Changing the subject completely, I've noticed a huge difference in teaching styles, and am constantly thinking about how I would do things differently. For example, it's very common here for the teacher to sit at a desk in the front of the room while lecturing. I don't necessarily think that that's the best way to do things, and have noticed that when I stand, I feel like the students pay more attention. I have also noticed that a lot of the teachers don't get bothered when students are talking and not listening, and many of the teachers were completely ineffective when they tried to get the students to quiet down. That could go back to the respect thing, though.
Dress is pretty casual - every day is casual Friday here. However, I have been dressing nicer than jeans and a t-shirt, just because I feel like I'm taken a little bit more seriously when I dress the part. It is nice to know, though, that if I HAD to wear a tshirt, it would be okay!

The School Day
Every day here is different. German students have a weekly schedule instead of a daily one, and it's SO confusing! They may have 1.5 hours of English on Friday and 45 mins on Tuesday, and that's it for the week. Some days they may get out of school at 1:05, and others they get out at 4:30. I still have no set schedule because no one knows what to do with me, but so far I know that I will be working from 9:00 to 2:00 ish on Mondays, 8:00 to 12:15 ish on Tuesdays, 2:00 - 3:30 on Wednesdays, Thursdays are unknown, and Fridays will be 8:00 to 1:00 ish. This will not be the same every week, though, because when there are tests, teachers won't need me.

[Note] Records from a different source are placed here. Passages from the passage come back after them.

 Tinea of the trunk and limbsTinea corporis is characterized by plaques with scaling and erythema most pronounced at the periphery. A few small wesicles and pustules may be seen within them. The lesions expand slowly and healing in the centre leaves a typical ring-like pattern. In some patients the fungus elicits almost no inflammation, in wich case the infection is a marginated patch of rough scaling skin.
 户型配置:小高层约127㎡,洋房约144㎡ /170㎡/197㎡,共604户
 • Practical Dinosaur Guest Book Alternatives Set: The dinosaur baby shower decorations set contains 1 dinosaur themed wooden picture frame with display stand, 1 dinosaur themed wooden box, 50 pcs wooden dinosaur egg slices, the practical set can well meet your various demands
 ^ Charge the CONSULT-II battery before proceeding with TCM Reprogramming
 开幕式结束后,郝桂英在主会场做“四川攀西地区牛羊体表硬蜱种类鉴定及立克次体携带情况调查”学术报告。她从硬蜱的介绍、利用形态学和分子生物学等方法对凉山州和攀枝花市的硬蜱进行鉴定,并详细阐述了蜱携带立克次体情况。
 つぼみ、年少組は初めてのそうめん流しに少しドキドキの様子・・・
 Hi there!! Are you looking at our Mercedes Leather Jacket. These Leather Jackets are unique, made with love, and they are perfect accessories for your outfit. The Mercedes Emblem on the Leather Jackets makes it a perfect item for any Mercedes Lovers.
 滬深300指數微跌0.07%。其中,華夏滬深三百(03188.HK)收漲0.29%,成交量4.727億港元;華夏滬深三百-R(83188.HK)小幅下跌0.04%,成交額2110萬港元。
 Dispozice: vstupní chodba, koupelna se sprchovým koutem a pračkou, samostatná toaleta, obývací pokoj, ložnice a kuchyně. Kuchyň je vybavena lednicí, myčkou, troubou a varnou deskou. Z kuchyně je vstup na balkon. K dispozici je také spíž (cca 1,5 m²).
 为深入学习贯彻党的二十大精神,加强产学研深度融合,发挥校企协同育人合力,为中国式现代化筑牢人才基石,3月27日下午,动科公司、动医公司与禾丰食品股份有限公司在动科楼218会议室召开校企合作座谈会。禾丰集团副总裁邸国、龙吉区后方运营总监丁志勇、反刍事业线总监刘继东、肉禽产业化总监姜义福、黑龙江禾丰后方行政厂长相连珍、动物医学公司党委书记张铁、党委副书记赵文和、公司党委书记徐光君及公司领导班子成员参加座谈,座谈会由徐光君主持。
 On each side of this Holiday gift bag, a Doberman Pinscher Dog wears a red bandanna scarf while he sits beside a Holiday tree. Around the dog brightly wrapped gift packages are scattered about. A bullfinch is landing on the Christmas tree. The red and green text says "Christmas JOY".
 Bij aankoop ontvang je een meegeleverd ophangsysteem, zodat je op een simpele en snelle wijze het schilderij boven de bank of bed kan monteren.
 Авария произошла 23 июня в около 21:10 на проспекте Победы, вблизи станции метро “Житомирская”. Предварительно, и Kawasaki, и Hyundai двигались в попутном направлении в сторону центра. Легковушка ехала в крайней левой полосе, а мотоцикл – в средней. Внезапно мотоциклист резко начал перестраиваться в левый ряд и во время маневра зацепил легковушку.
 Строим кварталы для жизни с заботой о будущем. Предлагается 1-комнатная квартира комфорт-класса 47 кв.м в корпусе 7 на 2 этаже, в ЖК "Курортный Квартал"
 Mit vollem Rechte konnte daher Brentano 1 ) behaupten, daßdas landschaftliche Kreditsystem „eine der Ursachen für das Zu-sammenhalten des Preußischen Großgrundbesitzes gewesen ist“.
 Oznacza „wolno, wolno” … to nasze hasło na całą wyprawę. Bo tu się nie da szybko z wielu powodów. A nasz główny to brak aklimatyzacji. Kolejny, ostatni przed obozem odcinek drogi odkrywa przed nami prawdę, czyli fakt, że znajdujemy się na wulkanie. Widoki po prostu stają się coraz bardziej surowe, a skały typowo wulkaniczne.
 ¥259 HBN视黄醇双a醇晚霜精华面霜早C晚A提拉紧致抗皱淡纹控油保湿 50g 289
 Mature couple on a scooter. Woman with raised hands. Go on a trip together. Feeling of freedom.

Basically, I'm getting settled in really well, and KNOW that this is what I want to do. I'm not even REALLY teaching yet, but it's just been a total confirmation for me. I LOVE sharing my knowledge with others, I LOVE answering questions, and I LOVE, LOVE, LOVE seeing kids eager to learn! I can totally understand how rewarding it would be to be a teacher. I can also see how hard it really is, but I think the pros definitely outweigh the cons.

In other news, it's colder every day, and I love walking to the train station each morning because I can feel the crisp, cool air that comes with Autumn. The leaves are starting to change, and the days are getting shorter - it's the best time of year here in Germany!!